What influenced the decision to delay reopening until September?
There were a number of factors which helped us make the decision to delay reopening until September 4th.

Firstly, since closing our doors we have been working with the UK Cinema Association and Independent Cinema Office to understand what is needed to re-open our special and historic venue safely. It is clear to me that whilst it will be possible to open up to the public in a safe way, the nature of our building means that we need to put in place additional measures such as temporarily-rearranging the orientation of the bar, commissioning signage, and adapting ticketing systems. We need to get this right for our staff and customers, so rushing to open in July was not an option.

Secondly, as a result of the customer survey we sent out in May (thank you to the 1400+ people who responded!), it was clear to us that many feel that July is too early. A sizeable number of respondents (41%) said that the earliest they would consider returning to the cinema is August/September. Combined with the fact that, when we do eventually re-open, we will be functioning with a reduced capacity of 20-30%, it will not be financially viable for the cinema’s public programme to re-open until the autumn.

Our third reason for waiting until September relates to our programming. The independent cinema sector is less reliant on summer blockbusters as the larger multiplexes, and the UPP is no different. Seeing as we also show films 4-6 weeks after their initial release date, it doesn’t make sense to rush reopening when the new releases that interest our audiences aren’t yet available to us.

Please tell us some more about the rewards that are up for grabs in the Crowdfunder
Hopefully there will be something for everyone!
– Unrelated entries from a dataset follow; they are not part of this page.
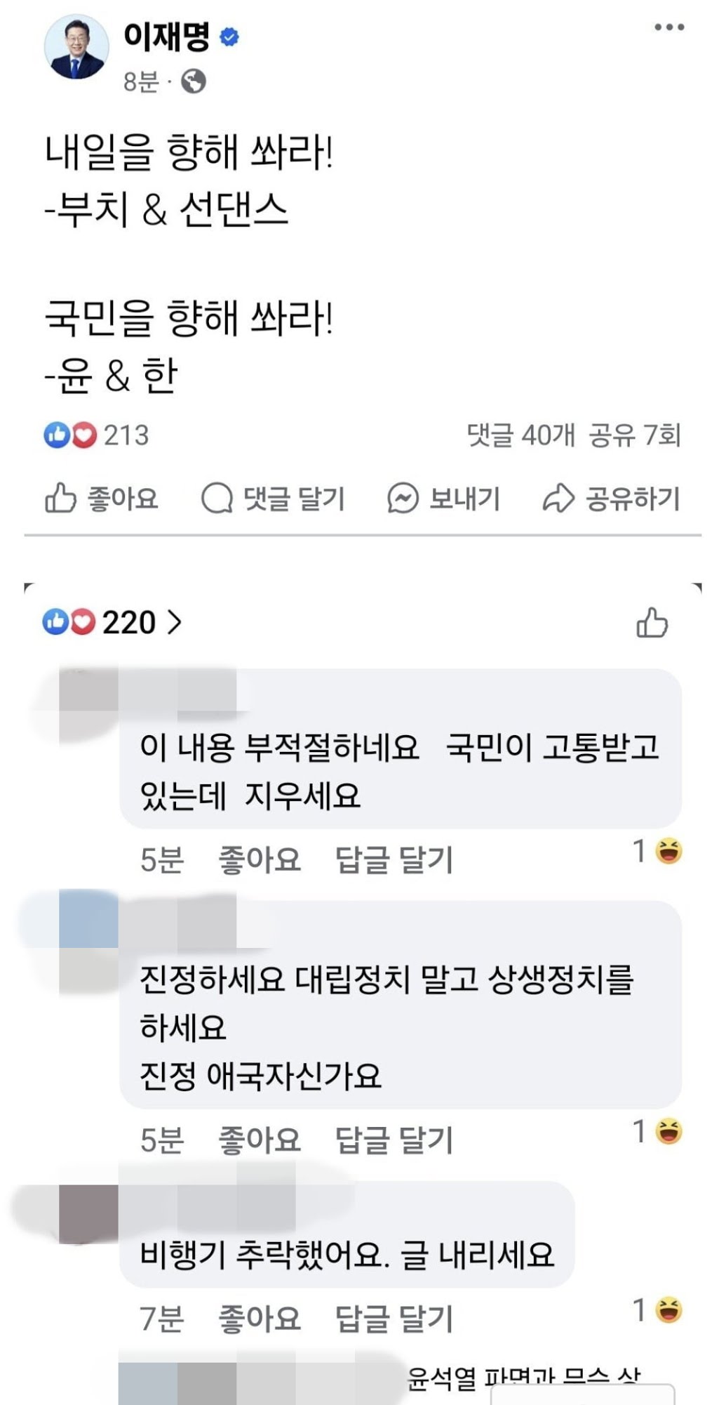 한편, 이재명 민주당 대표는 무안 공항 사고가 발생한 지 1시간 후 오전 10시8분께 페이스북에 '내일을 향해 쏴라! - 부치 & 선댄스. 국민을 향해 쏴라! 윤 & 한'이라는 글을 올렸다. 1969년 개봉한 영화 '내일을 향해 쏴라'는 미국 서부에서 은행강도단을 이끌었던 부치와 선댄스가 볼리비아로 도망간 내용을 다루고 있다.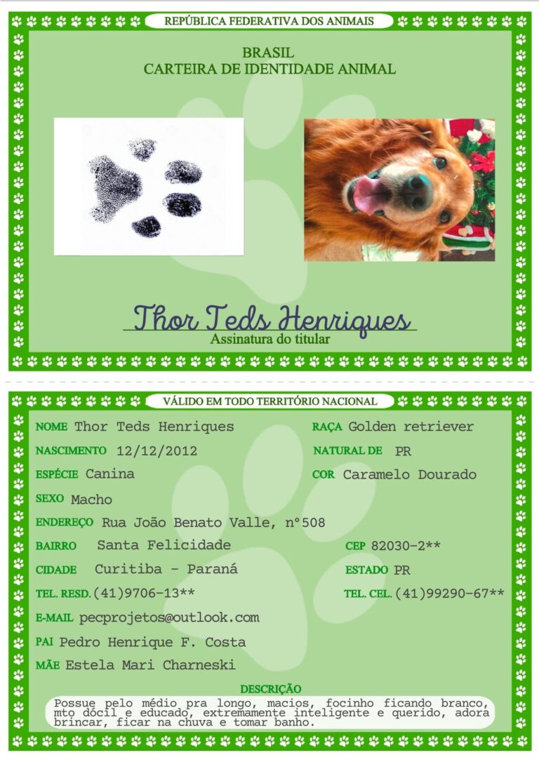 O RG E A CERTIDÃO DO MEU PET É UM DOCUMENTO OFICIAL?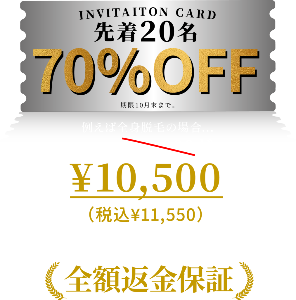 ※全額返金保証制度について【概要】効果を感じなかった方に手数料なしで施術代全額返金いたします【対象】特定の部位を3回以上施術いただいた方(1部位1回ずつ、計3回施術の場合は対象に含まれません)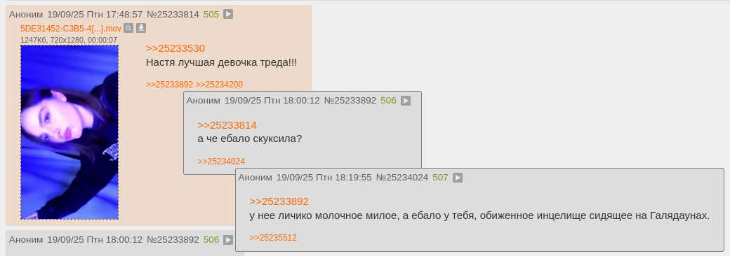 >>25236328 хуйло хватит спамить хейтом рандом милой девки, заебал. разверни и разбери по кусочкам лучше пизду своей мамаши в разных ракурсах в ебучей программе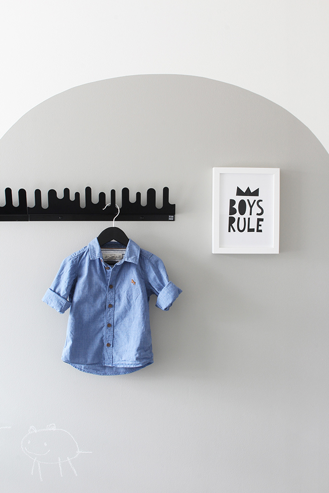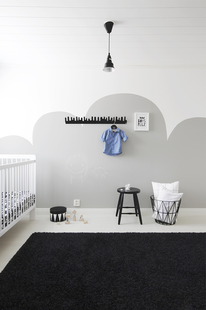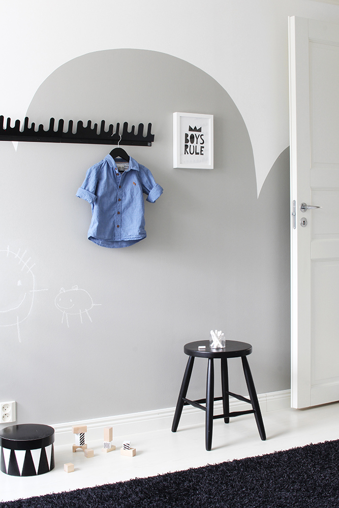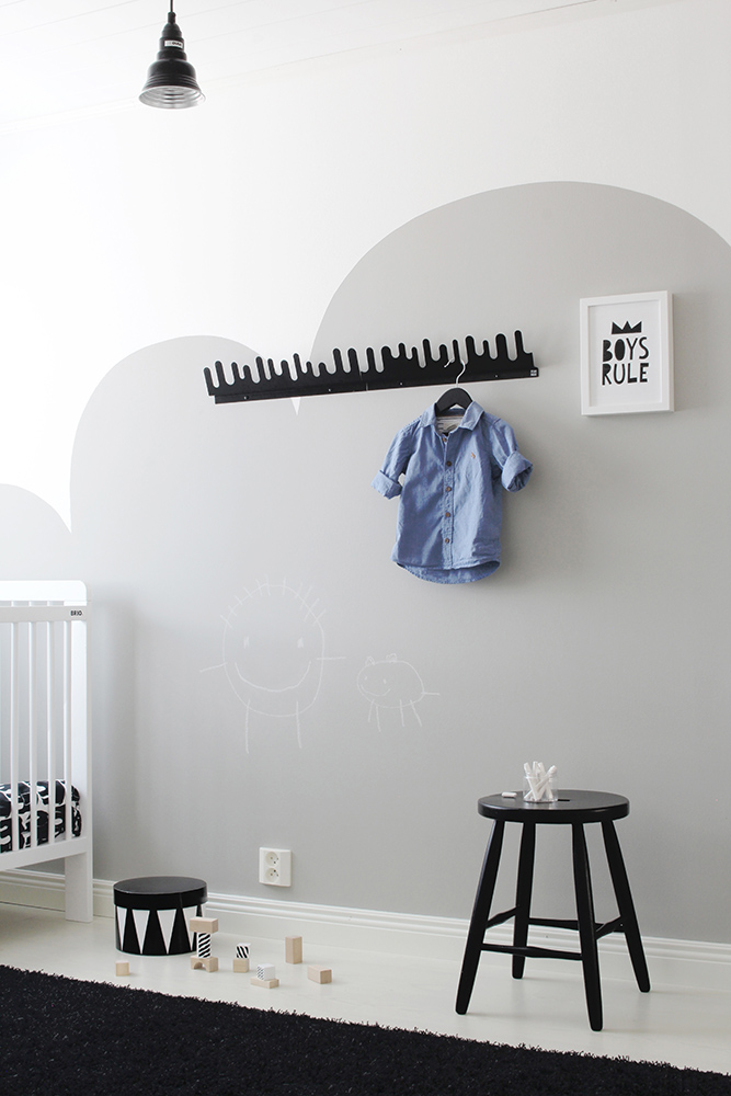 Lastenhuoneen iso valkoinen seinä kaipasi jotain uutta ja mieleen juolahti maalata siihen iso pilvikuvio liitutaulumaalista. Samaa muotokieltä on myös tapetissa sekä lipastossa, joten uskoin kokonaisuuden toimivan hyvin yhdessä.

We have worked with one of our favourite East Oxford designers at Nope Print Studio and they have created some stylish limited edition merchandise for us in bold art-deco inspired colours to complement the cinema’s heritage.
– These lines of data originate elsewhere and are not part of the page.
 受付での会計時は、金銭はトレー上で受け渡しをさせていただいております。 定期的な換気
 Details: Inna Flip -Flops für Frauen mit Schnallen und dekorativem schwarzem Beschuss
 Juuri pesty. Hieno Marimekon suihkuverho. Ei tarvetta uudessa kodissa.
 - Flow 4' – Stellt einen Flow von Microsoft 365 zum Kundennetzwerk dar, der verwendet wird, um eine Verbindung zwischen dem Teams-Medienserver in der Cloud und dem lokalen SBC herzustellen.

There will be hand-printed A3 posters, mugs, tea-towels and badge sets for you to show off your support for Oxford’s only independent cinema. For those who really want to splash out, some of the bigger ticket items include a discounted Private Hire of the cinema so that you and your family/friends can watch a film on our big screen, or even one of our special and very limited edition Golden Tickets, that will grant you and a guest entry to every single one of our screenings in 2021!
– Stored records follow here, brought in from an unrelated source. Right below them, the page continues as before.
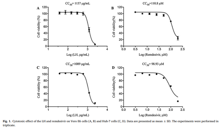 上图就是实验的结果。作者用两个细胞系(Vero E6 和 Huh-7)来做这个实验,除了测试连花清瘟外,还测试了抗病毒药物瑞德西韦(remdeivir)。结果表明,对这两个细胞系,连花清瘟的50%细胞毒性浓度(CC50,也就是能把一半细胞杀死的浓度)大概是 1mg/ml,而瑞德西韦的50% 细胞毒性浓度则为0.1mM(大概相当于60µg/ml)左右。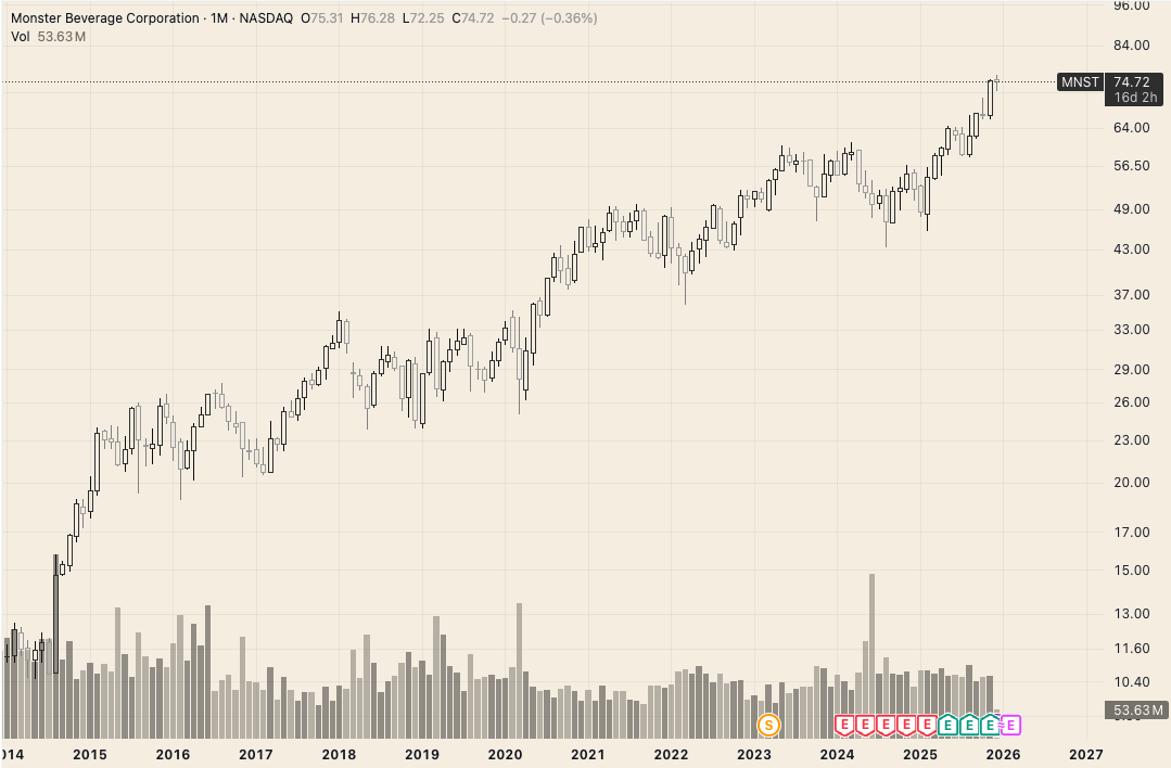 If someone asked you to name a stock that has delivered a steady ~11% annual price growth over the past decade - compounding to roughly 194% in total - while operating in almost every corner of the world, a beverage company would likely not be the first answer. Yet Monster Beverage is exactly that.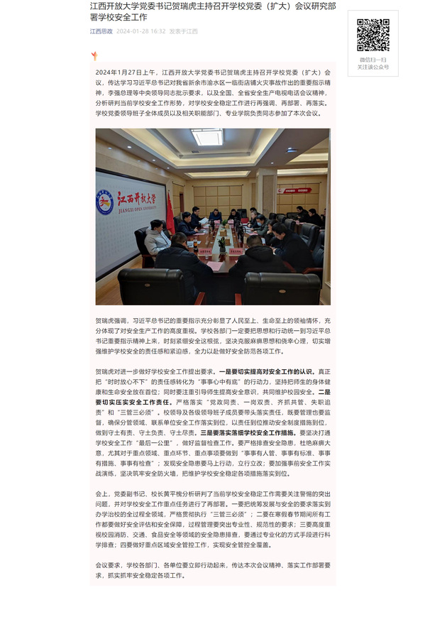2024年1月27日上午,必赢76net线路官网党委书记贺瑞虎主持召开学校党委(扩大)会议,传达学习习近平总书记对我省新余市渝水区一临街店铺火灾事故作出的重要指示精神,李强总理等中央领导同志批示要求,以及全国、全省安全生产电视电话会议精神,分析研判当前学校安全工作形势,对学校安全稳定工作进行再强调、再部署、再落实。学校党委领导班子全体成员以及相关职能部门、专业学院负责同志参加了本次会议。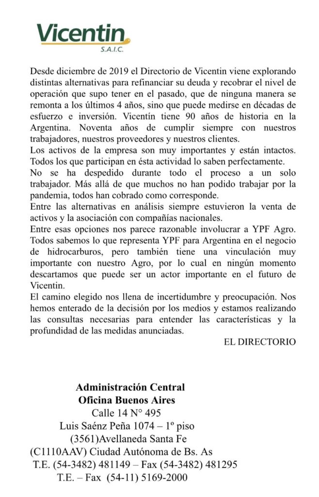 “Desde diciembre de 2019, el Directorio de Vicentin viene explorando distintas alternativas para refinanciar su deuda y recobrar el nivel de operación que supo tener en el pasado, que de ninguna manera se remonta a los últimos 4 años, sino que puede medirse en décadas de esfuerzo e inversión. Vicentin tiene 90 años de historia en la Argentina. Noventa años de cumplir siempre con nuestros trabajadores, proveedores y nuestros clientes” comienza el comunicado de tan solo unas pocas líneas.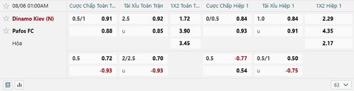 Tip kèo Châu Á hiệp 1 Dinamo Kiev vs Pafos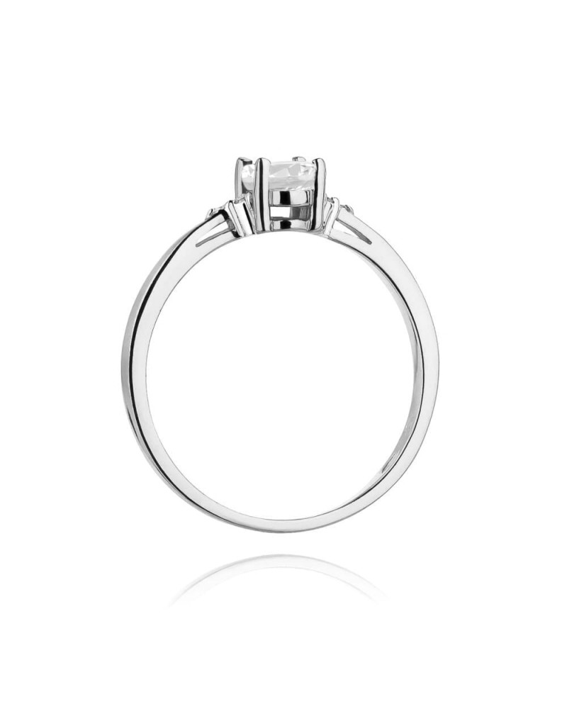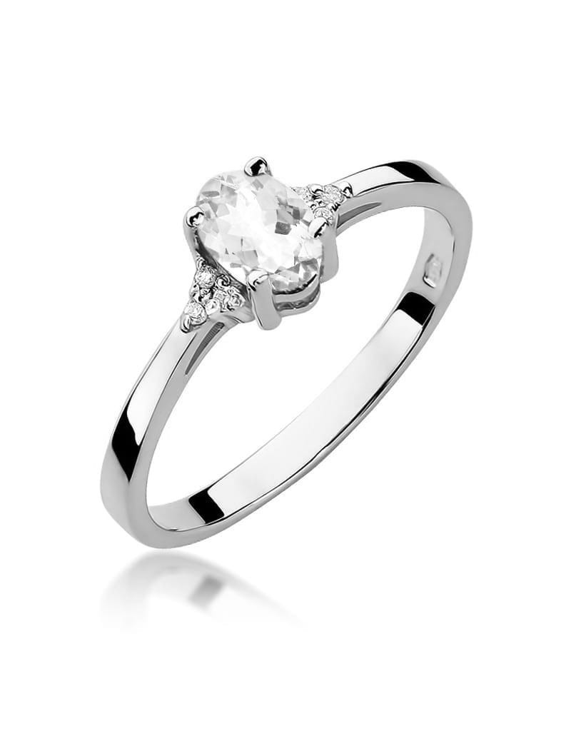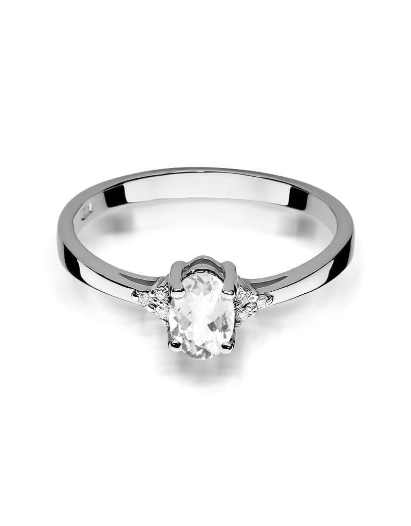 Urzekający pierścionek wykonany z białego złota z przepięknym białym szafirem oraz brylantami, które dodają mu blasku.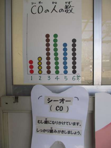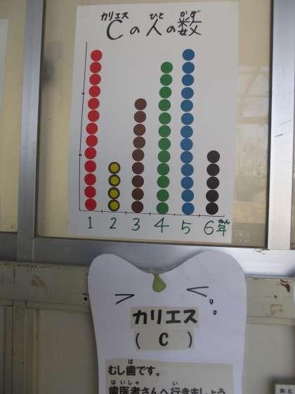 歯科検診が終了し、各学年の歯の状況が、保健室前に掲示されました。

If you reach the target, are there still plans to launch a community ownership campaign in the future?
Absolutely. The current cinema owners (legal guardians of the estate of Becky Hallsmith, the previous owner) and the group of UPP supporters (the UPP Community Benefit Society) are still eager to go through with plans for a community ownership campaign but these are currently on pause until the cinema re-opens.

As well as contributing to the Crowdfunder, is there anything else people can do to help?
Tell more people about the Crowdfunder! Help spread the word to those who will want to help save the UPP. We’d also encourage people to follow us on Instagram, Twitter or Facebook and sign up to our e-newsletter if they haven’t already. We’ll be documenting the progress of the campaign on those channels with #SavetheUPP, as well as on the blog section of our website.

How have you managed to stay connected with Oxford's film-loving community while you have been closed? What are you most looking forward to about reopening?
Even though our doors have been closed, our social media channels have been very much open and we’ve been eager to keep the conversation around cinema going. We’ve dedicated Fridays on our social media channels to our Friday Film Club - where we make film streaming recommendations based around a single theme. I would think that everyone has gone streaming mad during lockdown, and it’s a great way to discover new films. However, it doesn't quite compare to sitting in our auditorium with a cup of tea or a bottle of beer and watching something on the big screen surrounded by fellow film lovers. That’s what I’m most looking forward to!